Any pictures in the records below must be left out when you repeat the lines from the line containing "이날 기탁받은 햄세트는" through the line containing "EVALESS Womens Shoulder" exactly.

----------------

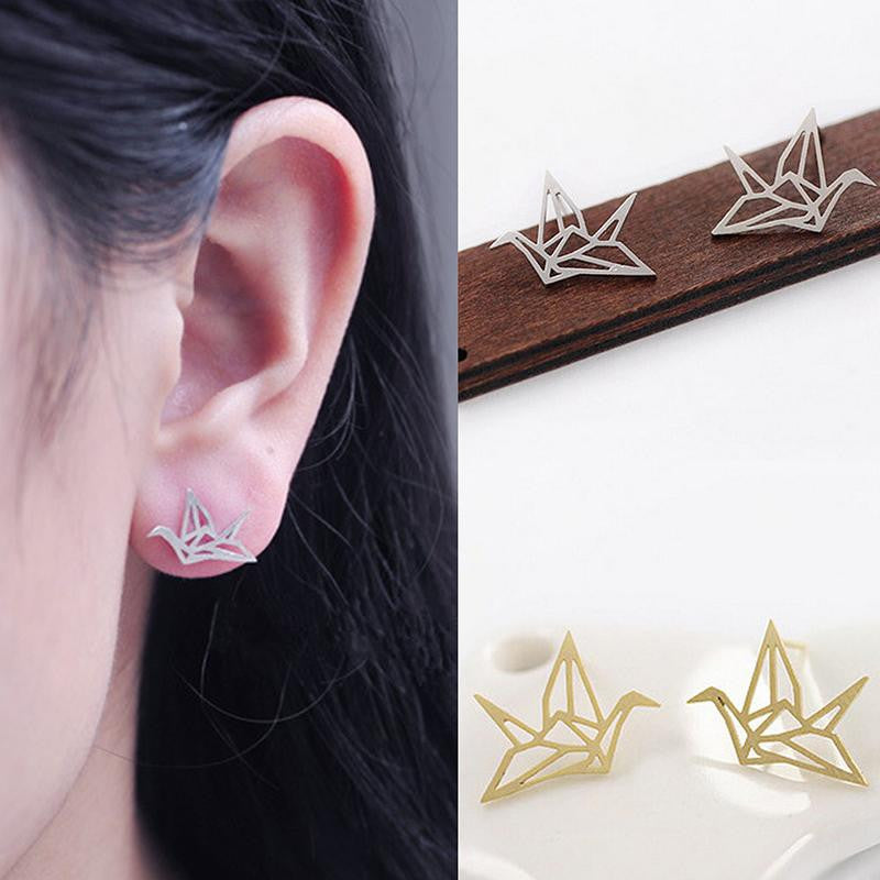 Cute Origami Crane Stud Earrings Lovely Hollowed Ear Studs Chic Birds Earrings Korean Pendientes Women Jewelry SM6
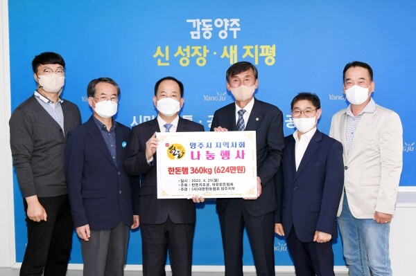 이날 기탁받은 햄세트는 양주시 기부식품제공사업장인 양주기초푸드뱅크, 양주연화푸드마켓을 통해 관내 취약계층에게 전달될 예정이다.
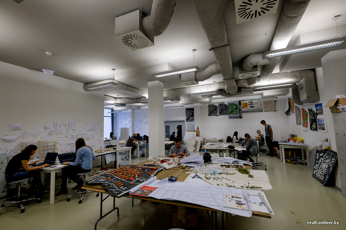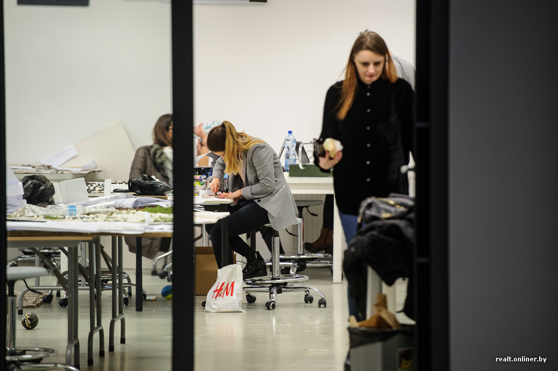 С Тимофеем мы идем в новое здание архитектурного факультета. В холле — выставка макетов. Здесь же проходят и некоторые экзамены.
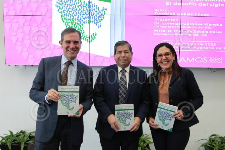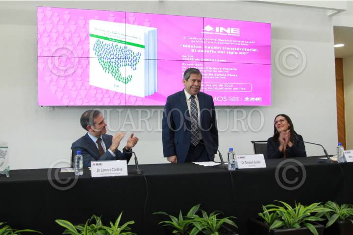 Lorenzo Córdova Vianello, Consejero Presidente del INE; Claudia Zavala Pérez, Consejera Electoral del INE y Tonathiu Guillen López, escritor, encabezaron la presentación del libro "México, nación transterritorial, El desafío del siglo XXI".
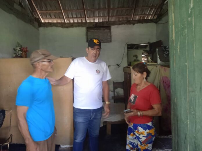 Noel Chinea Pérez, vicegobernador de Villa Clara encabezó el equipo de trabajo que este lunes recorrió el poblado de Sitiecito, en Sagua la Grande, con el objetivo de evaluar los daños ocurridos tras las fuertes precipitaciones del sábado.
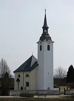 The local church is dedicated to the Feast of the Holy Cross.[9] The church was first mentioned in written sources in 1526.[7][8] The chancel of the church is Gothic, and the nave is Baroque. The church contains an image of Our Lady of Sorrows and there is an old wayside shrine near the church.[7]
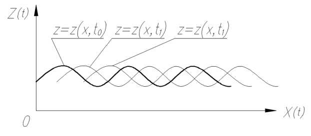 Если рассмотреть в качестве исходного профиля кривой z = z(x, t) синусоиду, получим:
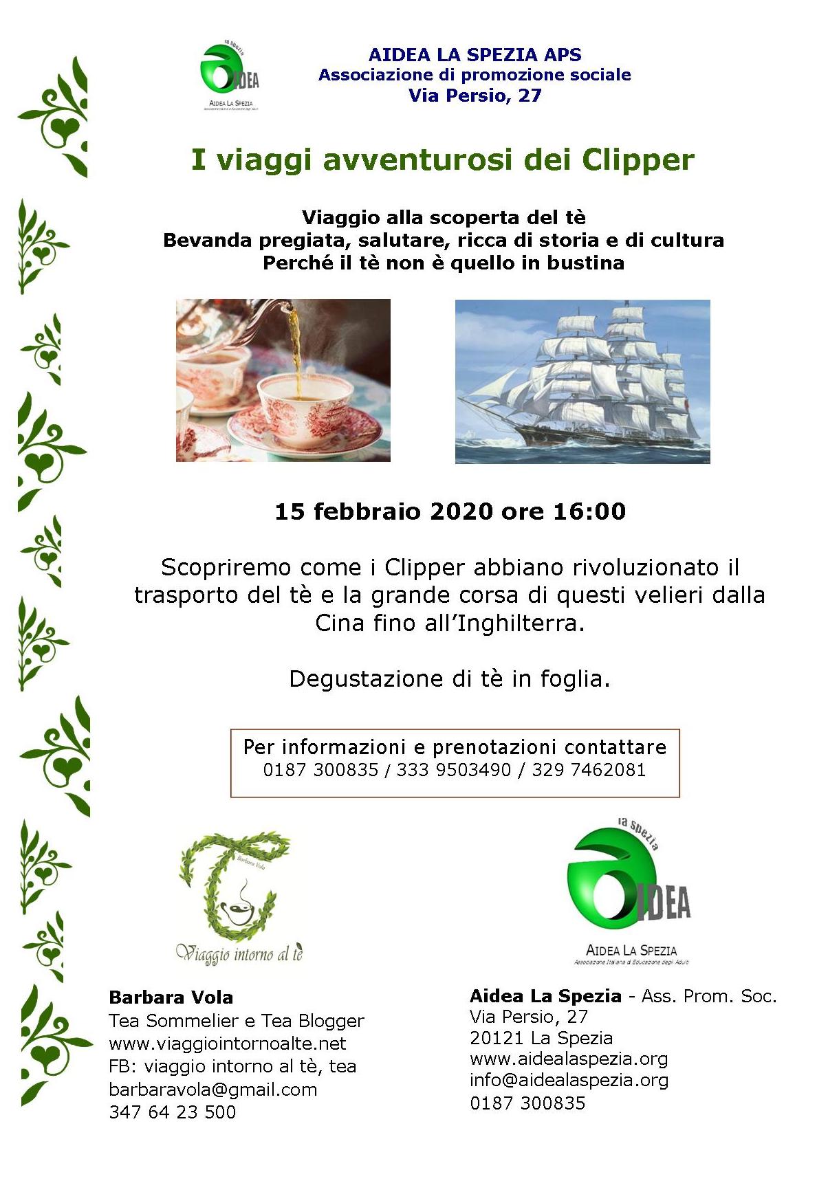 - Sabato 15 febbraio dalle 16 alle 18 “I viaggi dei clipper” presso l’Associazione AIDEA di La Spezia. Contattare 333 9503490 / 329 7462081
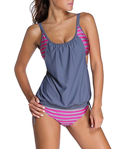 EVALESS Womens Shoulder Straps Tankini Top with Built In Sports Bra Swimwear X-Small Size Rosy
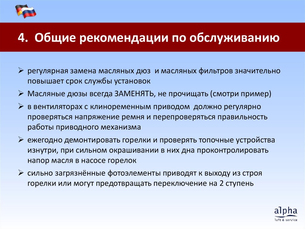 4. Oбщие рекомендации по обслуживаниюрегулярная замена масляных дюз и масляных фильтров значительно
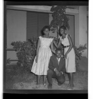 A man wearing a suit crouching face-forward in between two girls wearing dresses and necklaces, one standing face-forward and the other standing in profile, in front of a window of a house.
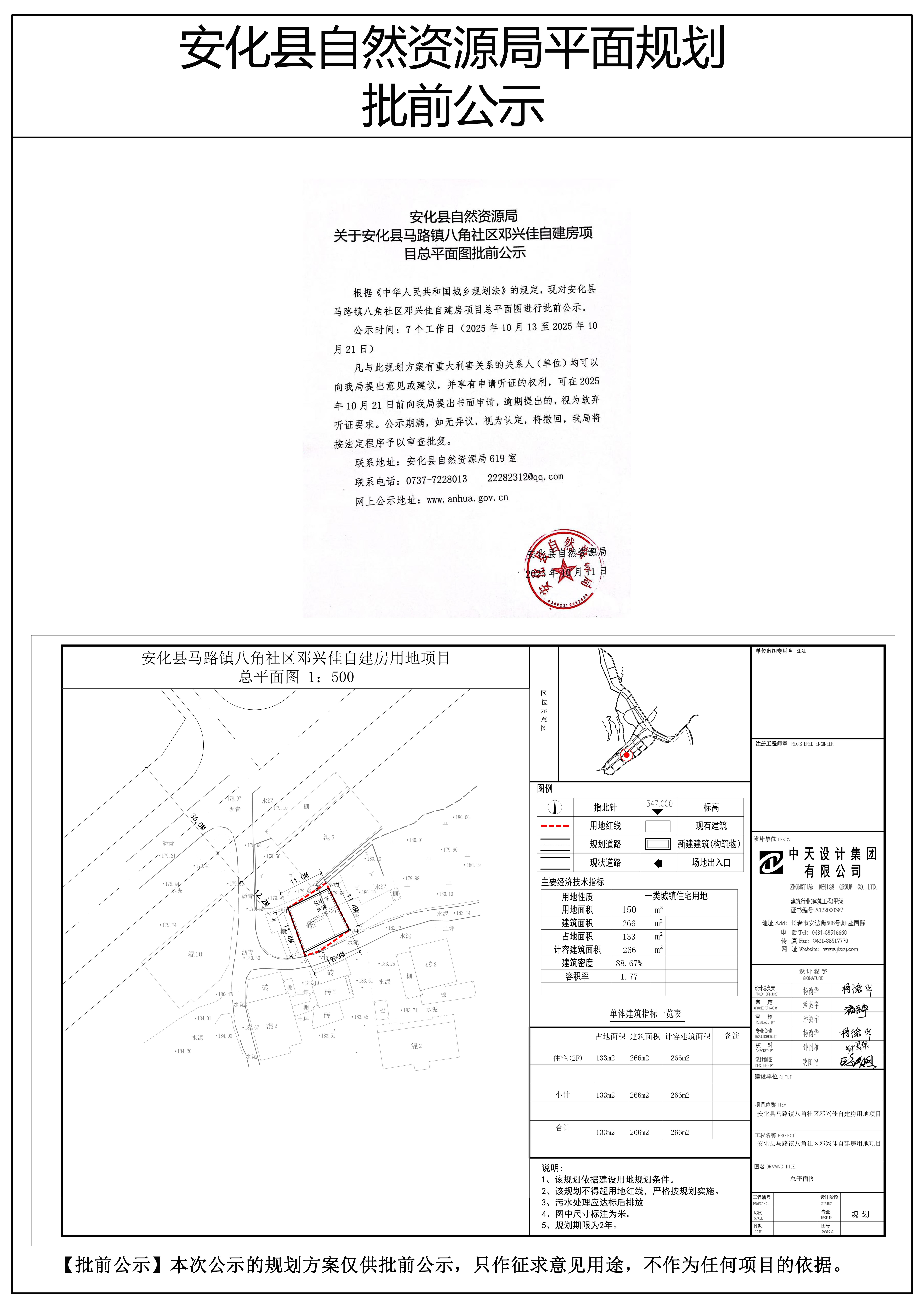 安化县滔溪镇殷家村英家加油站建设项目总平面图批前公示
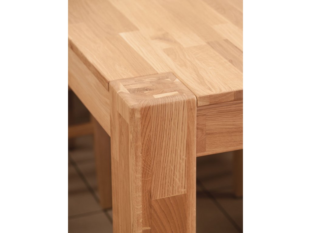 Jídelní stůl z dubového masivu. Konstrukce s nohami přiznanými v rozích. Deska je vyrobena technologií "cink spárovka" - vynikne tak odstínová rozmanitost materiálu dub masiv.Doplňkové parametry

----------------

SOLUTION BELOW:
 이날 기탁받은 햄세트는 양주시 기부식품제공사업장인 양주기초푸드뱅크, 양주연화푸드마켓을 통해 관내 취약계층에게 전달될 예정이다.
 С Тимофеем мы идем в новое здание архитектурного факультета. В холле — выставка макетов. Здесь же проходят и некоторые экзамены.
 Lorenzo Córdova Vianello, Consejero Presidente del INE; Claudia Zavala Pérez, Consejera Electoral del INE y Tonathiu Guillen López, escritor, encabezaron la presentación del libro "México, nación transterritorial, El desafío del siglo XXI".
 Noel Chinea Pérez, vicegobernador de Villa Clara encabezó el equipo de trabajo que este lunes recorrió el poblado de Sitiecito, en Sagua la Grande, con el objetivo de evaluar los daños ocurridos tras las fuertes precipitaciones del sábado.
 The local church is dedicated to the Feast of the Holy Cross.[9] The church was first mentioned in written sources in 1526.[7][8] The chancel of the church is Gothic, and the nave is Baroque. The church contains an image of Our Lady of Sorrows and there is an old wayside shrine near the church.[7]
 Если рассмотреть в качестве исходного профиля кривой z = z(x, t) синусоиду, получим:
 - Sabato 15 febbraio dalle 16 alle 18 “I viaggi dei clipper” presso l’Associazione AIDEA di La Spezia. Contattare 333 9503490 / 329 7462081
 EVALESS Womens Shoulder Straps Tankini Top with Built In Sports Bra Swimwear X-Small Size Rosy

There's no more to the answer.